Active regulatory pathway. The Central Bank of Kenya's Fintech Office has opened regulatory sandbox pathways for novel payment-rail participants. The Ministry of Roads and Transport published the National Electric Mobility Policy in February 2026. Both regulatory actors have explicit mandates that include the fairness of financial access and the interoperability of digital infrastructure. A research programme in Kenya has live regulatory interlocutors, which is not true everywhere.
The Lab's own operational presence. The Lab has sustained fieldwork presence in Nairobi, active MSc-level research engagement with the continent's leading electric-motorcycle manufacturer (ROAM Electric; see electrification programme), and a live commercial M-Pesa-integrated operational stack through the MiMaji water-delivery platform. The finance programme is not an extractive research project flown in from outside.
What the programme intends to produce
The finance programme is oriented toward four concrete outputs over its 2026–2027 cycle.
An open-source interoperability toolkit implementing payment-rail addressability primitives for the specific context of boda-boda asset finance and battery-swap payments. The toolkit is not the answer on its own; it is the artefact that makes the answer testable. It is designed to be forked and adapted to comparable asset-finance contexts elsewhere in Africa, South Asia, and Latin America.
A body of field research, grounded in fifty-plus semi-structured interviews with riders, operators, and financiers, documenting the transaction-level reality of closed-loop payment lock-in in the Kenyan e-mobility sector. The research output is designed for dual use: as an academic working paper and as a practitioner-facing briefing for regulators and financiers.
A live pilot with 100–200 boda riders across at least two operators, running 10,000+ real transactions through the toolkit, with baseline and endline measurements on transaction cost, time per transaction, and operator reconciliation friction. The pilot is the reality check.
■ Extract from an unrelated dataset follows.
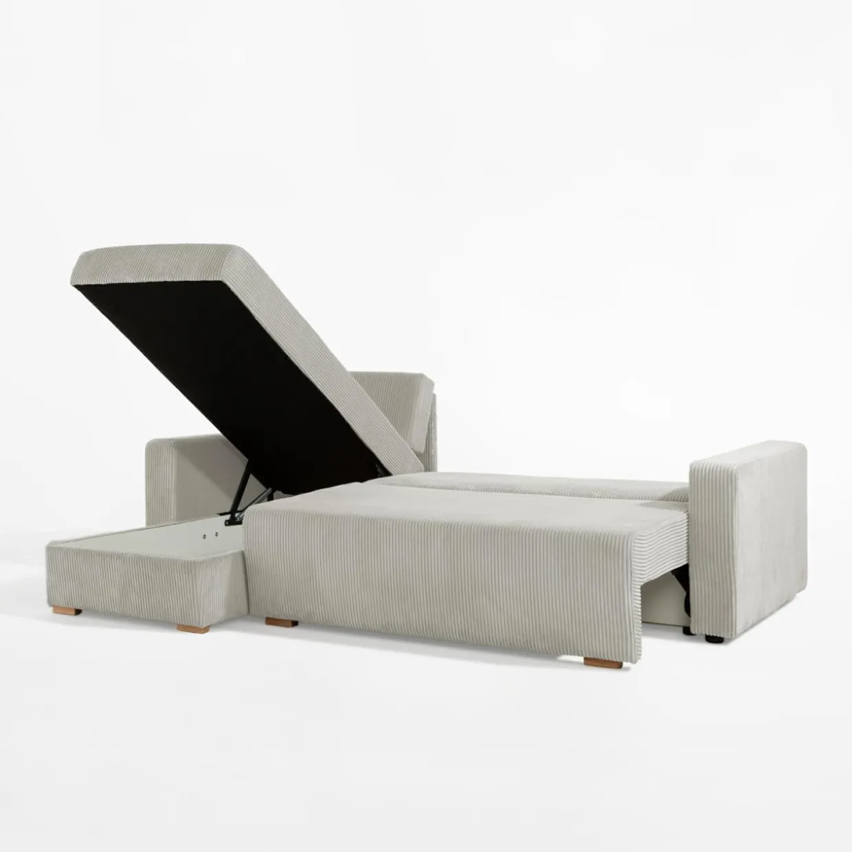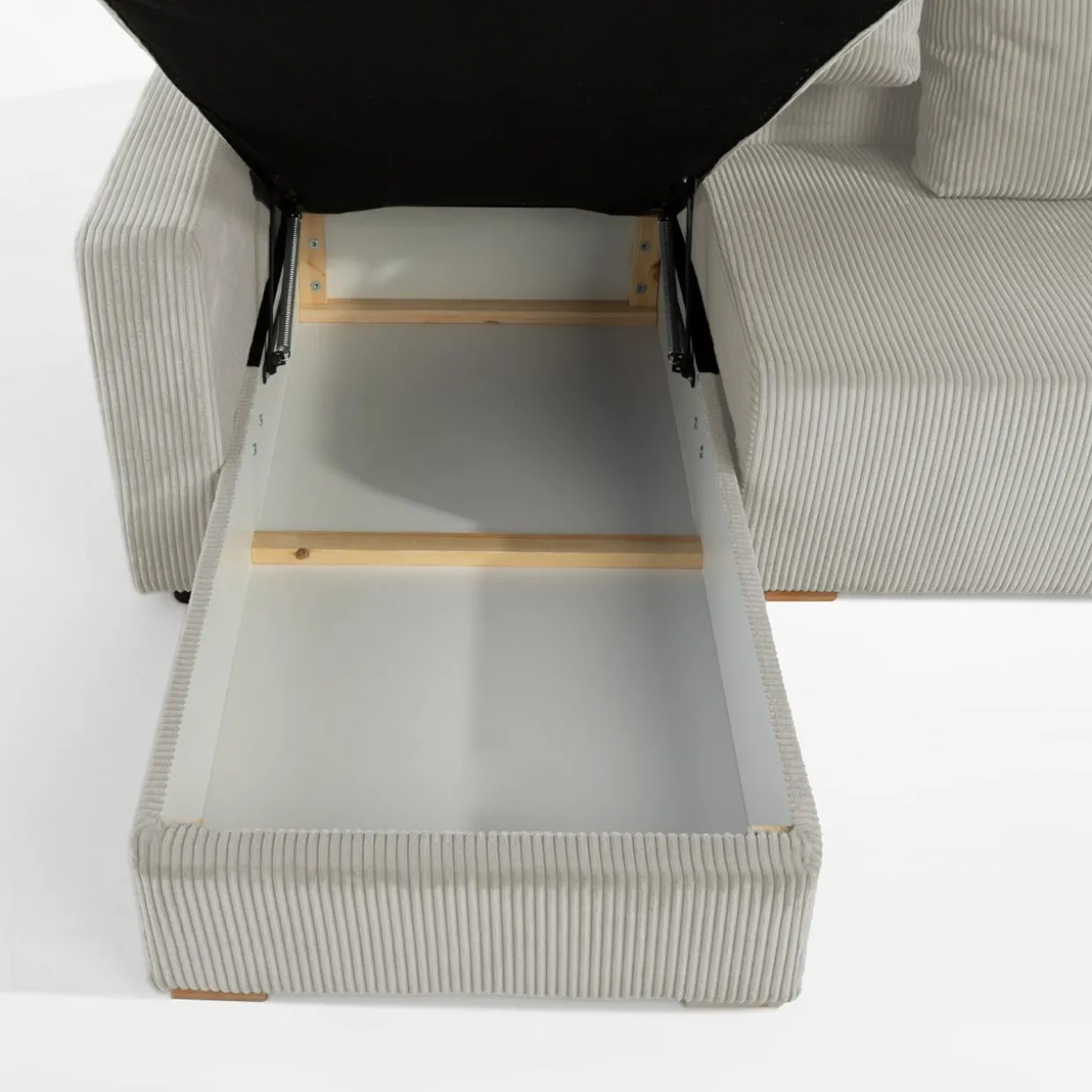 - Potrzebujesz więcej miejsca na domowe tekstylia? Narożnik posiada 2 pojemniki, które dadzą Ci większa przestrzeń do przechowywania pościeli, koca i poduszek – odtąd wszystko znajdzie swoje miejsce.

A community — a Nairobi-local constellation of developers, operators, regulators, and diaspora participants who have been brought, through the programme's activities, into working contact with open-standards payment infrastructure. This is the most durable output, in the sense that the toolkit and the research paper are static artefacts but the community persists.
Notes
- Figures on account ownership from the World Bank Global Findex 2021. See references to Demirgüç-Kunt et al. at worldbank.org/findex.
- Kenyan rider income estimate of KES 1,000 per day is drawn from TechCabal reporting (2025) and triangulated against operator interviews conducted during the Lab's fieldwork in 2025–26.
- Battery-swap pricing of KES 290 per 80 km from operator disclosures, reported via TechCabal (2025) and Ethical Business Africa (2025).
- Diaspora remittance figure of USD 4.9 billion for 2024 from Central Bank of Kenya diaspora remittance statistics (monthly series).
- M-KOPA cumulative lending figure of USD 1.6 billion from TechCabal reporting, November 2025.